All of these inventions,
as well as others not mentioned, would, I believe, be seen, by Teilhard,
as evidence of at least rudimentary of reflective thought. To be sure,
he would also see such primitive thinking as possessing the potential to
expand into more fully blown states of awareness, for example the state
of awareness associated with a well developed self-consciousness. So perhaps what Teilhard
is saying, as regards the emergence of human consciousness, is something
like the following. The hominoid phylum has been on the road to self-awareness
for some two million years or so.
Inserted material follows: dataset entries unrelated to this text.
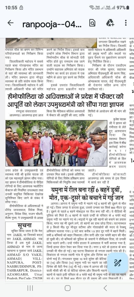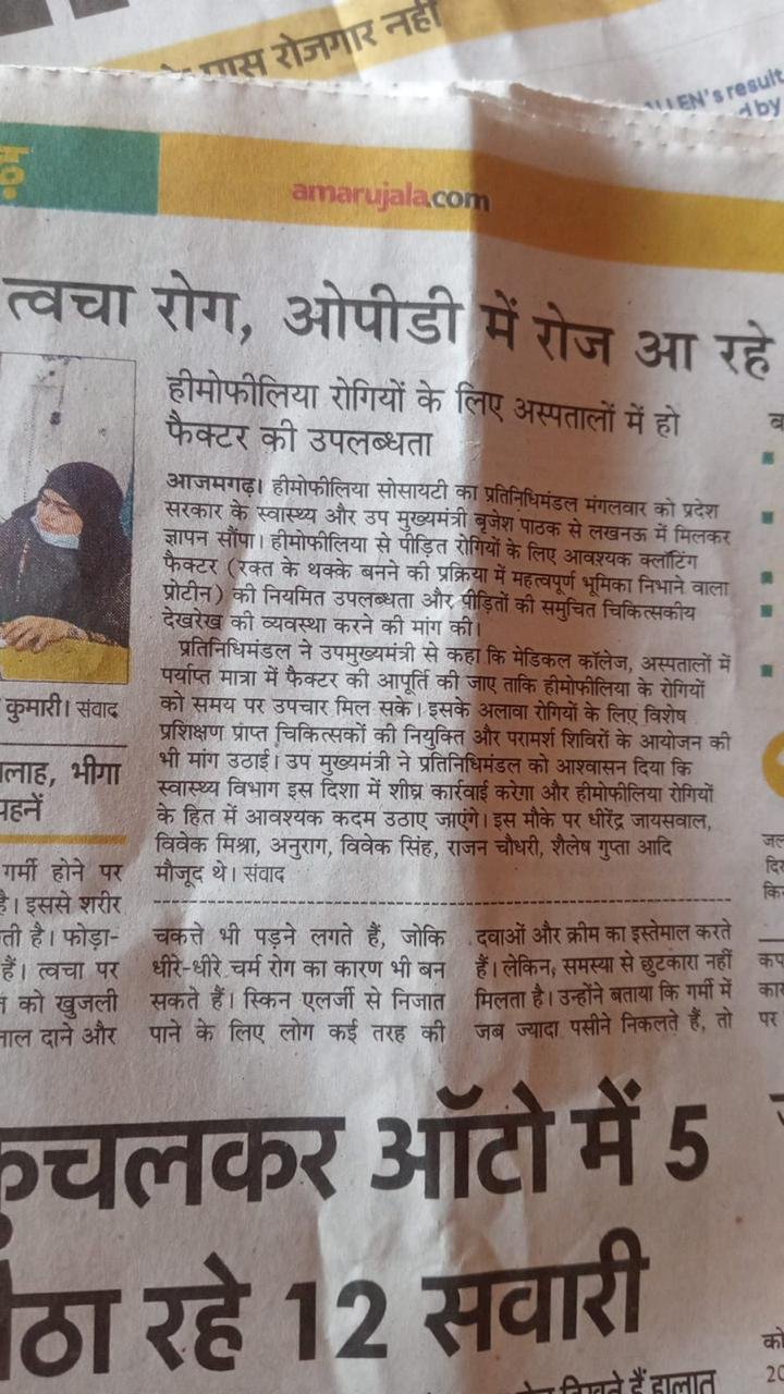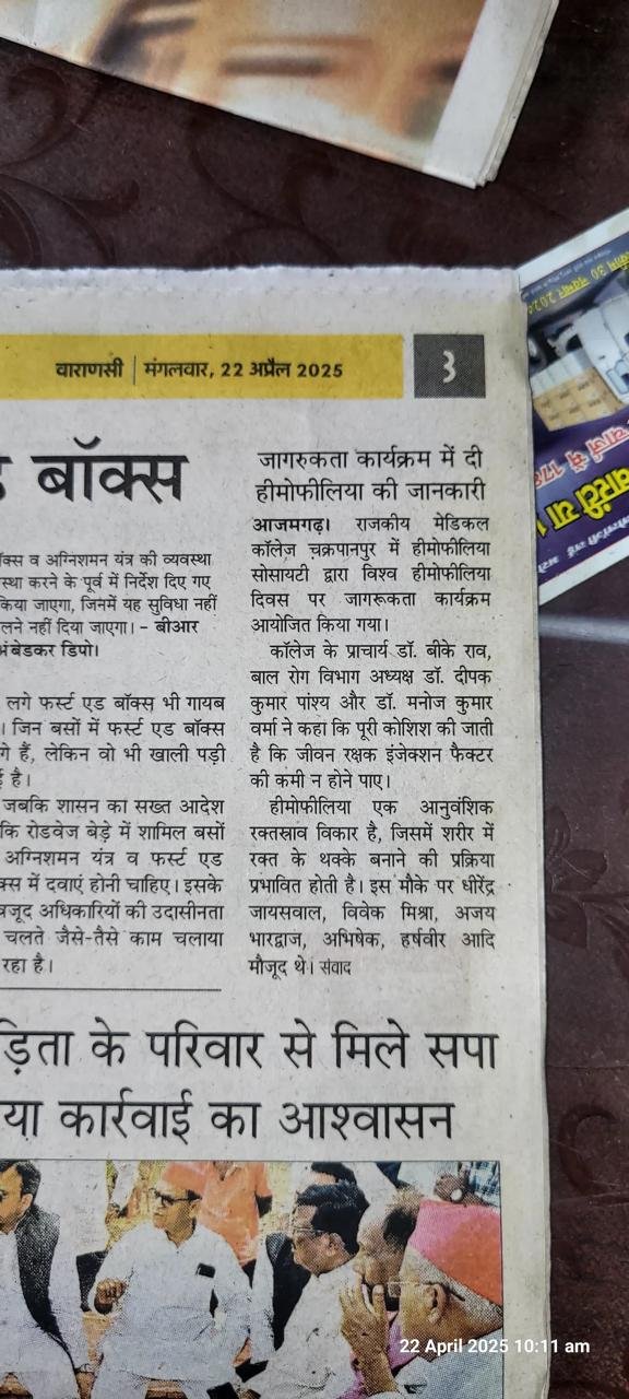 raising awareness about hemophilia and other bleeding disorders. At Hemophilia Society Azamgarh,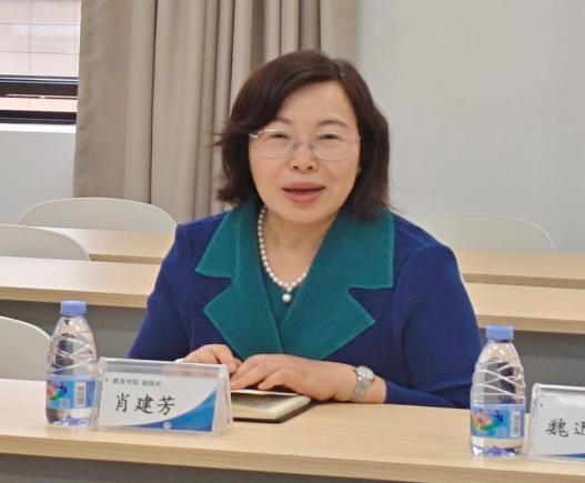 肖建芳副院长首先致辞,欢迎蟠龙小学代表一行,并简要介绍会议安排。她指出,两校综智双语合作已稳步推进至第六期,自2023年以来,通过双方教学团队的共同努力,学生英语能力与综合素养显著提升。她感谢所有参与者的付出,并期待未来合作迈向更深层次、更高质量。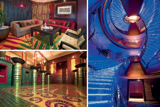 迪拜豪华游艇是一座漂浮的城市,拥有现代化的设施,如水疗中心、游泳池、直升机停机坪和玻璃楼梯。这艘美丽的船最引人注目的特点包括大量的日光浴区、几个按摩浴缸和拥有精美手工瓷砖的游泳池。同样,内部采用精心设计的手工马赛克和令人惊叹的圆形楼梯,玻璃台阶随着从顶层甲板进入的光线而改变颜色。
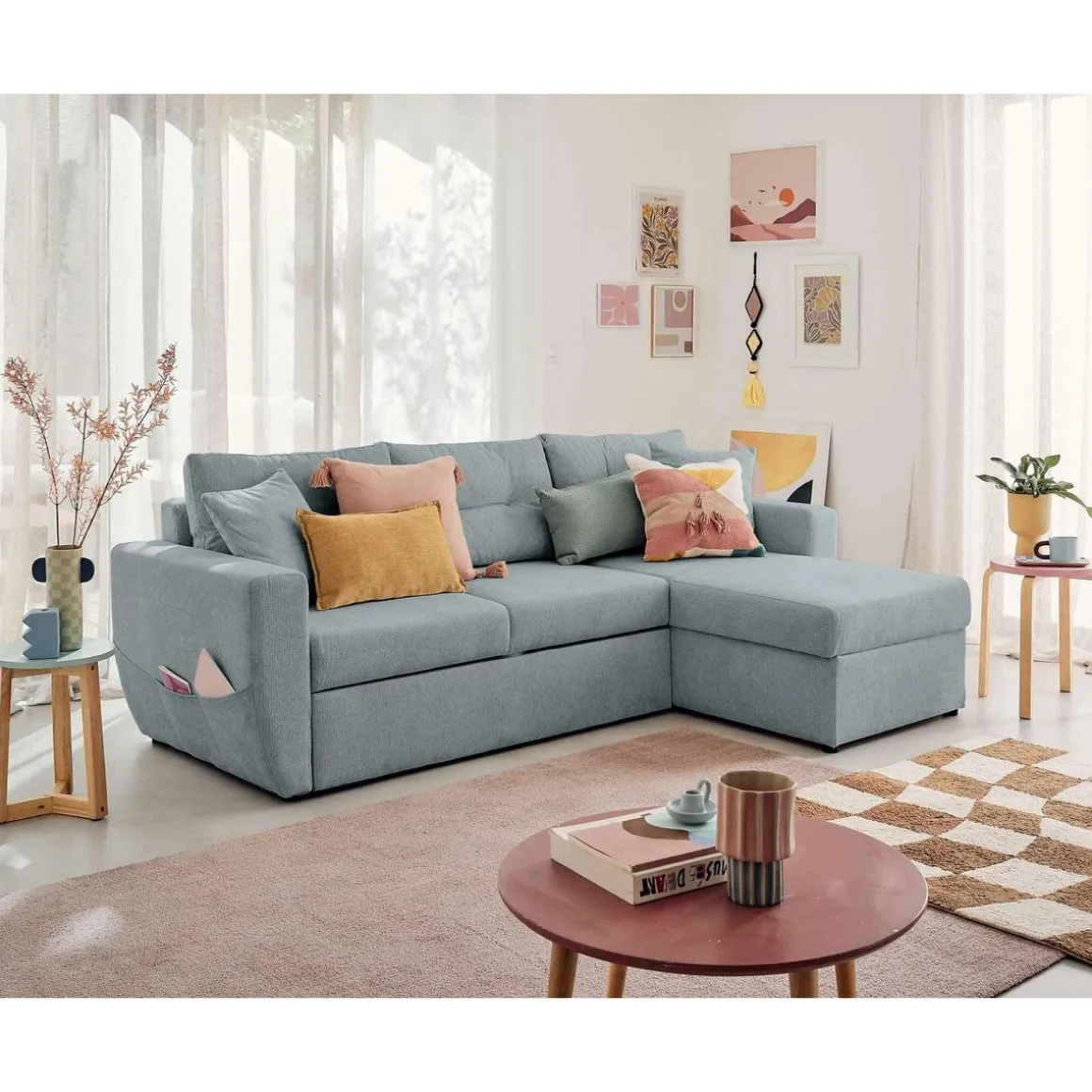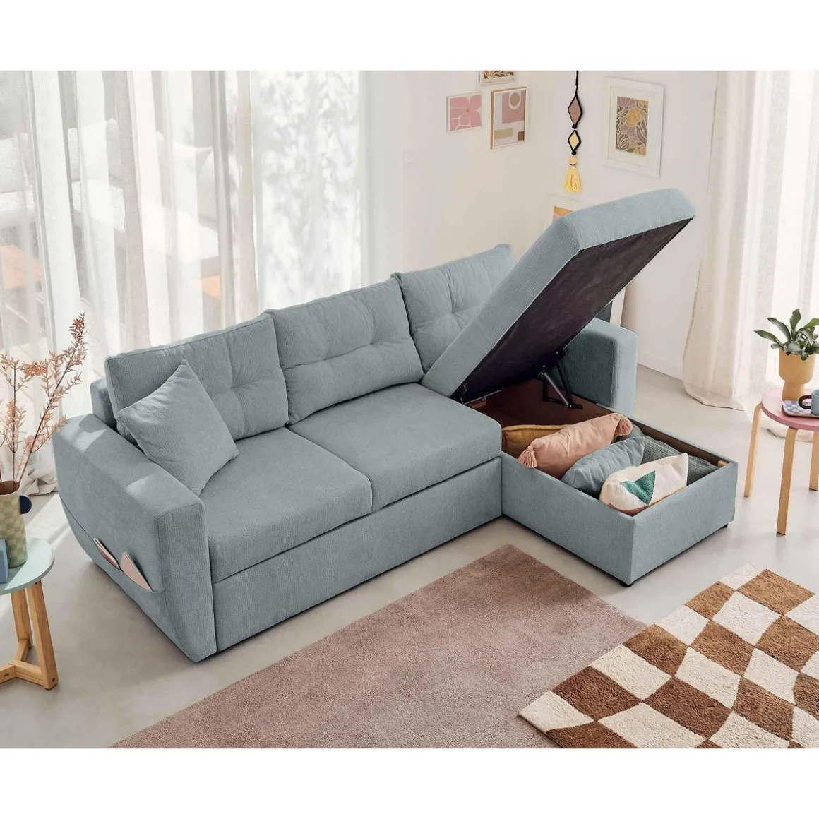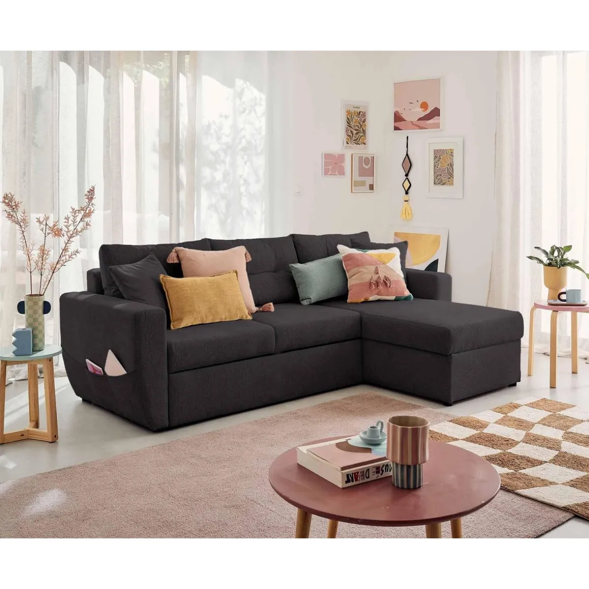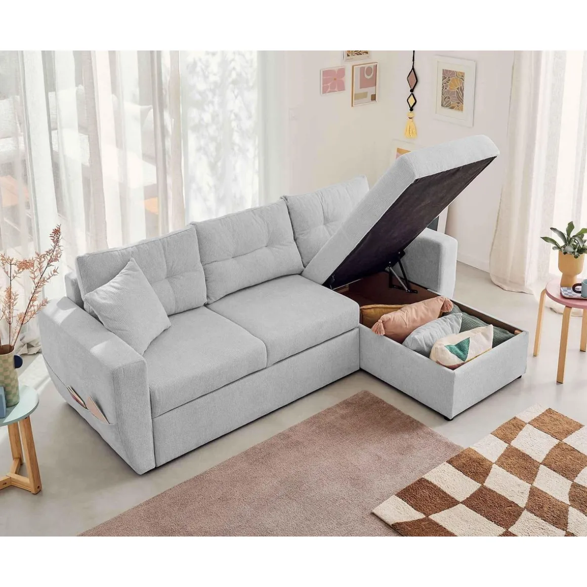 Le canapé d’angle Astoria possède une poche sur le côté de l’accoudoir afin d’y ranger télécommandes et magazines. Une fonction convertible est aussi disponible en dépliant le tiroir se trouvant sous l’assise pour accueillir occasionnellement vos proches ou encore passer un moment détente devant une série. Vous trouverez aussi un coffre de rangement sous la méridienne, pratique pour y glisser plaids, coussins. A droite ou à gauche, choisissez la position de l’angle qui vous convient grâce à sa fonction réversible.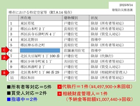今日の大綱質疑ではじめに取り上げたのは、あちこちからご相談を受けている空き家対策です。中でも、所有者が適切に管理せず、衛生面や安全面で問題があって「特定空屋」に指定された家屋が、堺市に14件あります。市の指導で7件は対応済み、継続指導中が2件、行政代執行での撤去と相続財産管理人制度を利用したケースが各1件です。紹介した事例ABCはこの「特定空家」でした。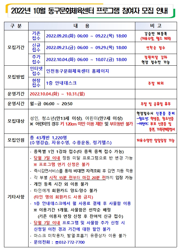 2022년 10월 동구문화체육센터 프로그램 참여자 모집 안내 작성자 관리자 등록일자 2022년 9월 19일 15시 7분 1초 조회 309 20220919_145114.jpg [ Size : 359.28KB , Down : 1,178 ] 미리보기 다운로드 20220919_145155.jpg [ Size : 409.5KB , Down : 1,154 ] 미리보기 다운로드 목록보기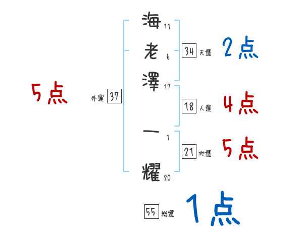 総運![]() | 海老澤一耀さんの総運は55画の1つ星!欲張りな性格で軽率な行動に注意しましょう。病気に気をつけて。 あなたの人生を表す1番重要な運勢です。生涯を通じて影響する総合運となり、主に50歳以降の晩年期に影響を及ぼします。 |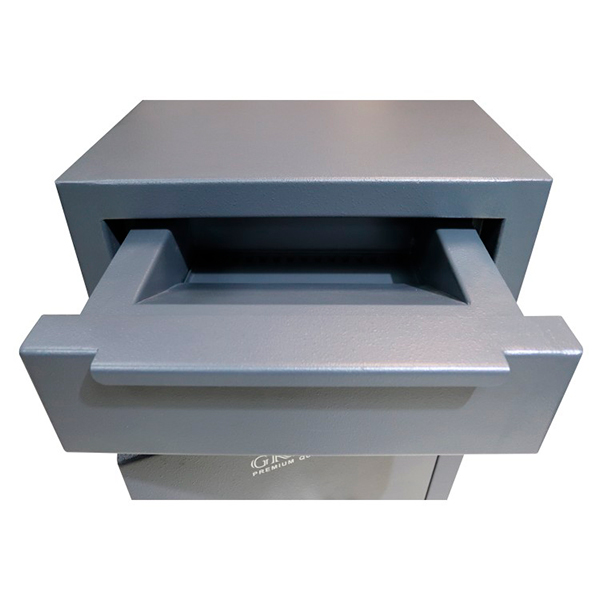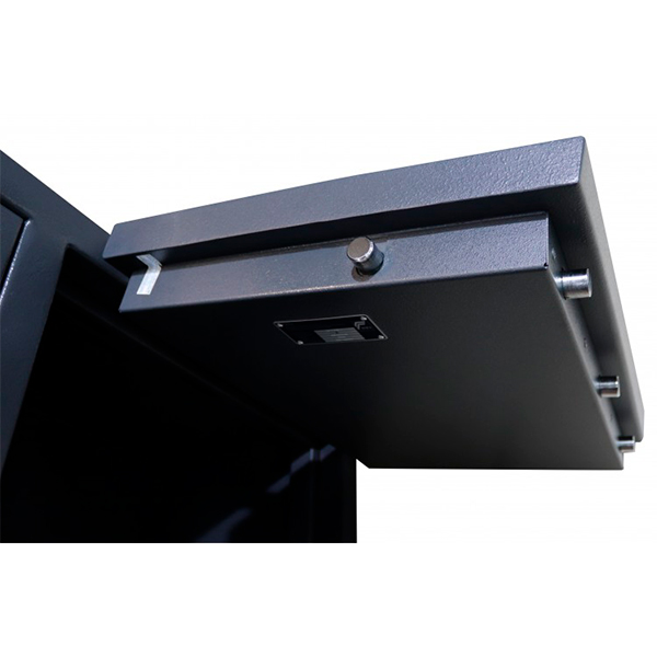Корпус и двери сейфа имеют специально разработанный защитный слой толщиной 55 мм. Закрывается ключевым замком STUV. Запирание осуществляется толстыми вращающимися ригелями диаметром 25 мм. Они обеспечат практическую защиту от возможности их перепиливания. В антрацитово-сером цвете отлично дополнит любое современное помещение.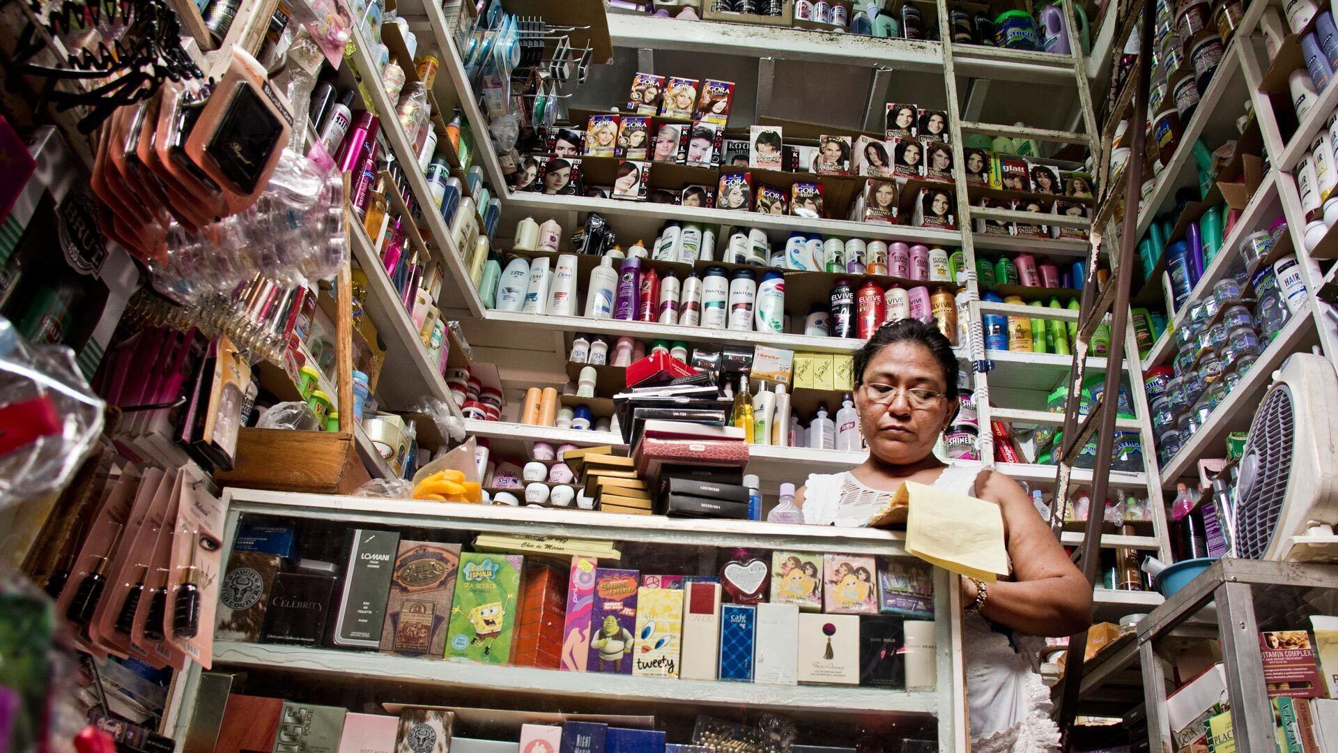 El tramo de María Lorena es el número 1727 de los 12 mil puestos fijos de venta que se registran. Es pequeño y está cargado de pinturas de labio, de uña, maquillaje, cremas de mano. Vende al por mayor.

For an overwhelmingly vast majority of
that time, the human powers of consciousness have been, to a not negligible
degree, latent, and what powers were used got utilized mainly in aid of
survival, in support of a "preoccupation with food and drink". Only recently
have some of these powers made the transit from significant latency to
significant actuality.
Perhaps I could present
a what if scenario which Teilhard himself suggests. What if we were to claim that for most of the last 2 million years or so the humanoid
phylum was really not significantly different (in terms of the journey
to self-consciousness) from all of the other mammalian species on our globe?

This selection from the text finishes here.